- **Exercise requirements**
Beginning with the line that contains "カジュアル派のアウターでは、トレンドのボア素材を使用したブルゾンやジレが人気。" and ending with the line that contains "8. Ronaldo is", reproduce the lines of the entries below exactly, omitting pictures.
Start of Exercise materials
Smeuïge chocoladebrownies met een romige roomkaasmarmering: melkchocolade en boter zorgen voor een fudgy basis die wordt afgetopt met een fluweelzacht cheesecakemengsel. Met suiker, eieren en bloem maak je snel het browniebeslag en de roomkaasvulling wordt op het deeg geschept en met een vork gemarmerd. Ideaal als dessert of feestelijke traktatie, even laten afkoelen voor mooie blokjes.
End of Exercise materials
Start of Exercise materials
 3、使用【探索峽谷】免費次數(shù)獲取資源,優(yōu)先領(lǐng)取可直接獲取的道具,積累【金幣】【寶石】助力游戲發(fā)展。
End of Exercise materials
Start of Exercise materials
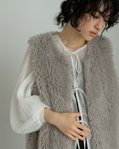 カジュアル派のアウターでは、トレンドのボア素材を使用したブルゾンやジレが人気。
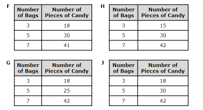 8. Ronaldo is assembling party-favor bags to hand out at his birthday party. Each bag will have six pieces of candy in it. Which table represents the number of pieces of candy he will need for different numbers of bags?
End of Exercise materials
- **Problem solution**
 カジュアル派のアウターでは、トレンドのボア素材を使用したブルゾンやジレが人気。
 8. Ronaldo is assembling party-favor bags to hand out at his birthday party. Each bag will have six pieces of candy in it. Which table represents the number of pieces of candy he will need for different numbers of bags?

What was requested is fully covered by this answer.